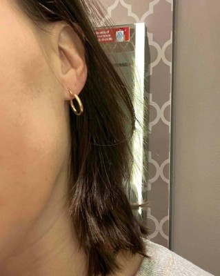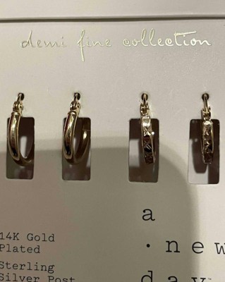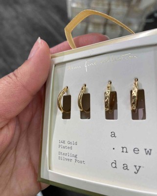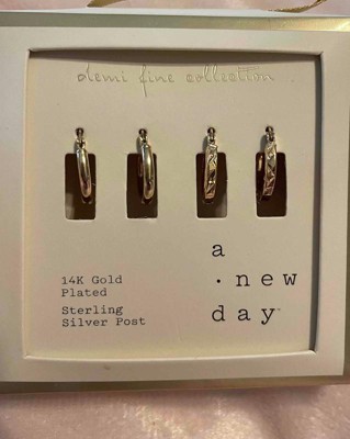 [This review was collected as part of a promotion.] This is a two piece set of 14 karat gold plated earrings from A New Day brands. They have a sterling silver post and are approximately a half inch by half inch in a hoop design. One pair is a smooth hoop while the other pair has a diamond cut design to it. Perfect for every day wear. I received an incentive to write this review.
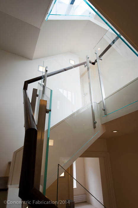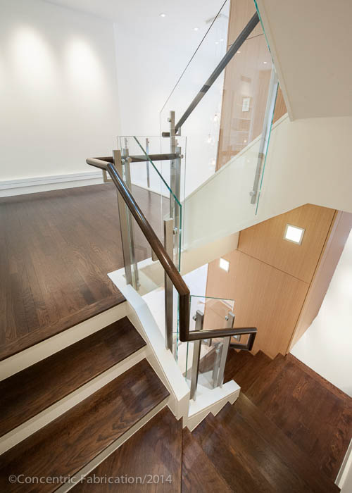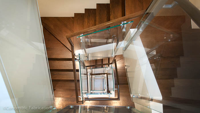 In this completed five story stairway and balcony for a five story row house in Boston's Beacon Hill neighborhood, we worked with Sea-Dar Construction and James Dayton Design. Concentric began the job by creating a series of as-built drawings of the existing stair, some of which dated back seventy years. Once the as-builts were completed, we were able to work with the design group on layout. Each run of stairs was a unique condition, which would require a unique design for each run. No two posts on this project were alike.
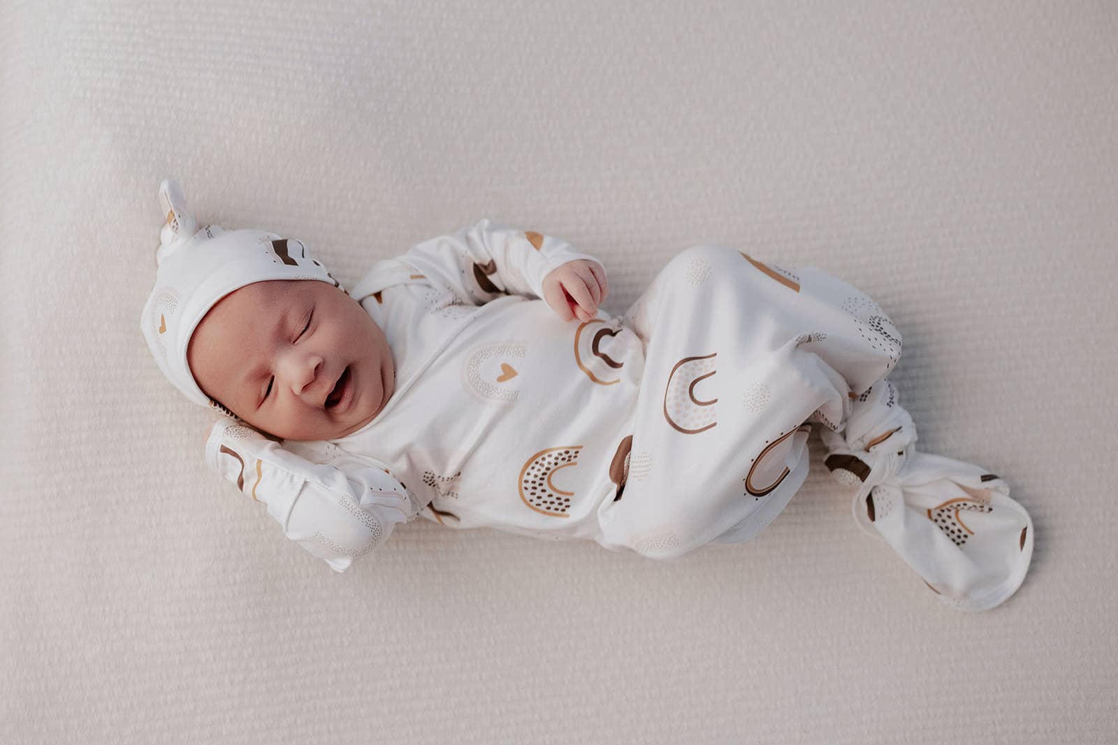 These baby gowns are so soft you will never want your baby in anything else. Fabric is designed to be soft, comfortable, and stretchy. The tie bottom allows for an easy night-time diaper change. The pull-down tabs on the shoulder make it easy to dress and change. Newborn-3 month fits approx 5lbs-15lbs.
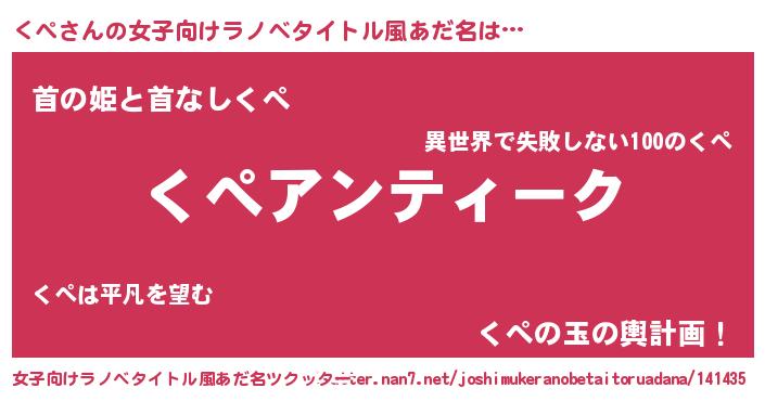 | 意味不明あだ名 | 『自称くぺ』『たけのこ科くぺ属』 |

• • • • •

All of the material above is to be retyped exactly, with no pictures included.

 [This review was collected as part of a promotion.] This is a two piece set of 14 karat gold plated earrings from A New Day brands. They have a sterling silver post and are approximately a half inch by half inch in a hoop design. One pair is a smooth hoop while the other pair has a diamond cut design to it. Perfect for every day wear. I received an incentive to write this review.
 In this completed five story stairway and balcony for a five story row house in Boston's Beacon Hill neighborhood, we worked with Sea-Dar Construction and James Dayton Design. Concentric began the job by creating a series of as-built drawings of the existing stair, some of which dated back seventy years. Once the as-builts were completed, we were able to work with the design group on layout. Each run of stairs was a unique condition, which would require a unique design for each run. No two posts on this project were alike.
 These baby gowns are so soft you will never want your baby in anything else. Fabric is designed to be soft, comfortable, and stretchy. The tie bottom allows for an easy night-time diaper change. The pull-down tabs on the shoulder make it easy to dress and change. Newborn-3 month fits approx 5lbs-15lbs.
 | 意味不明あだ名 | 『自称くぺ』『たけのこ科くぺ属』 |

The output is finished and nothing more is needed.